|M.Sc Student||Lehmann David|
|Subject||An electrochemically-Regenerated Ion Exchange Process for|
Separation of NH4+ from Wastewater and
its Oxidation to N2(g)
|Department||Department of Civil and Environmental Engineering||Supervisor||Professor Ori Lahav|
|Full Thesis text - in Hebrew|
In 2010, the Israeli government published a new set of quality standards for wastewater effluents. Among many other guidelines, the standards require that the maximal concentration of TAN (total ammonia nitrogen) should not surpass 1.5 mgN/L for effluents released to natural streams. The quality standards were set for wastewater treatment plants (WWTP) effluents in order to protect lakes and other natural water bodies from: (1) eutrophication (2) oxidation of ammonia to nitrite and nitrate and the consequential decrease in dissolved oxygen and pH values that can harm aquatic life in receiving water bodies; and (3) uncontrolled concentrations of ammonia and nitrite can be toxic to the aquatic life.
For complying with the new standards, most of the existing WWTPs in Israel required renovation that normally includes expansion (e.g. Netanya, Raa’nana and Ashdod WWTPs).
The present research evaluated a complementing novel approach to increase the capacity of treatment plants to remove ammonia via a physicochemical based process. The process that was tested is comprised of an ion exchange step for ammonium separation from the wastewater and an electrochemical stage for converting ammonium to N2(g). The motivation for implementing this new physicochemical process arises from the following advantages:
• A physicochemical treatment for removing ammonium can be accomplished by an easy-to-use system comprising only a few operational variables.
• Operation is completely automatic and the end product is stable.
• Ammonium is converted to nitrogen gas in a single step (as compared with 2 stages in the prevailing nitrification/denitrification biological processes) which requires transfer of only 3 electrons.
• An ion exchange based process can meet the new standards mentioned above and decrease the negative environmental impact of high TAN concentrations in the effluents.
• Unlike processes that are based on conventional biological nitrification, which tend to fail from time to time (due to toxic shock, high organic load, low temperature, etc.), the new process is almost oblivious to environmental conditions.
Description of the examined process: wastewater is pumped through a chabatize-zeolite filled ion exchanger for a predetermined number of bed volumes. The effluents from the ion exchange column, now with a low TAN concentration, are discharged. (ii) Next, a highly concentrated NaCl solution is passed through the zeolite column and the ammonium is released into the regeneration solution. The regeneration solution is circulated through an electrolyzer which converts the TAN into innocuous N2(g). The regenerant solution, after the electrolysis, is ready to extract new ammonium from the resin. (iii) Finally, the ion exchange column is set up to treat a new influent by extracting the remaining reagent solution from the column using backflow air stream from a compressor.

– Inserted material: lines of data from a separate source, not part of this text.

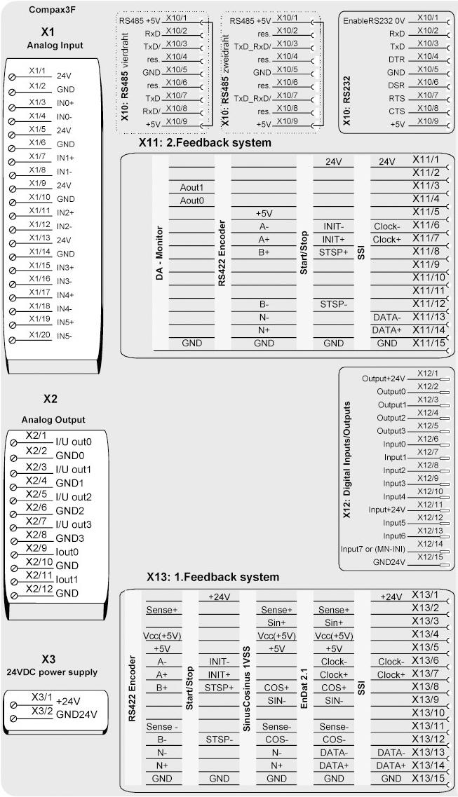 Für Genauigkeitsklasse 2 und 3 kommt der elektrohydraulische Regler Compax3F zum Einsatz, der eine Vielzahl von Regelungsmöglichkeiten bietet. Über eine ProfibusDP-Schnittstelle kann der Compax3F einfach mit einer SPS kommunizieren. Alle Parameter des Reglers sind voreingestellt, sodass die elektrohydraulische Achse sofort einsatzbereit ist.
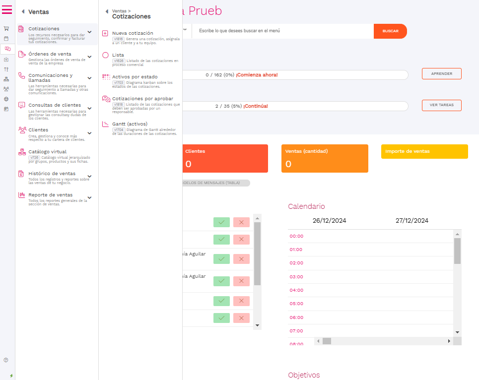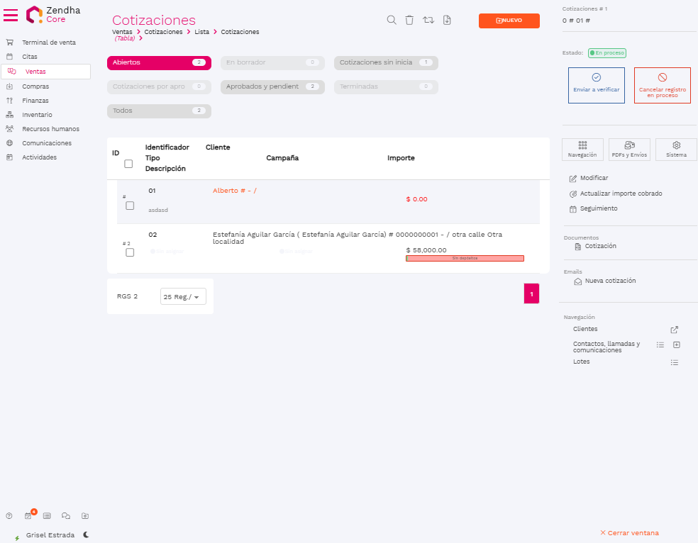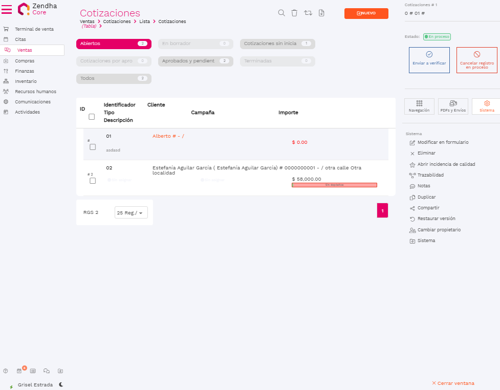 Dentro de esta vista donde tendremos las cotizaciones realizadas, tendremos que seleccionar alguna a la que queramos agregar alguna incidencia de calidad para abrir el menú de navegación. Dentro de éste pulsaremos en 'Sistema'
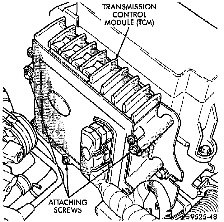 5. Remove screws holding Transmission Control Module (TCM) to bracket (Fig. 5). Swing TCM up to allow access to EGR screws (Fig. 6).
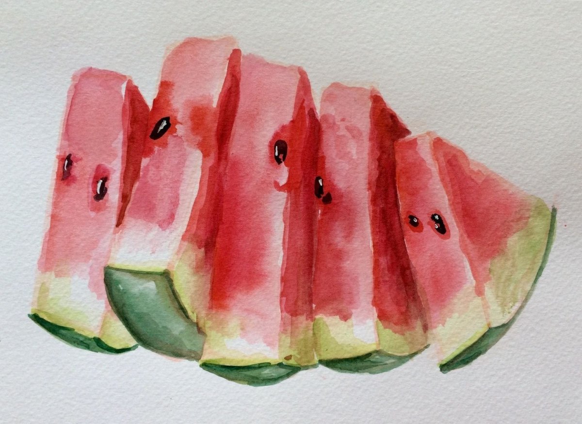 Арбуз акварелью для начинающих
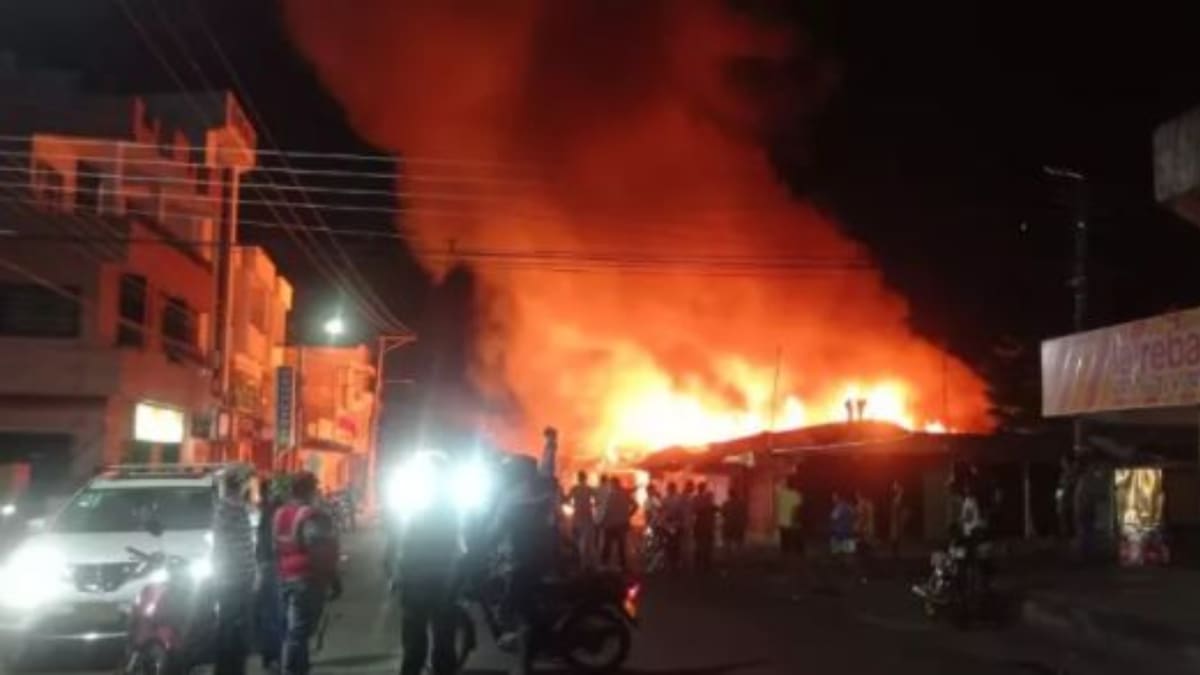 Al menos 18 locales comerciales fueron afectados por un un voraz incendio que se registró en la madrugada de este viernes en el parque San Antonio, en Aguachica (Cesar).

This process (steps i-iii) is repeated for multiple cycles.
The process was operated successfully under various conditions: 1) polishing treatment, 2) main treatment (replacement of the biological nitrogen removal) and, 3) inorganic industrial wastewater treatment. Results showed OPEX of about 16 NIS/kg ammonia removed and Capex of approximately 5 million NIS for a plant capacity of 1,000 m3/h at influent ammonia concentration of between 4.5 and 9 mg/L.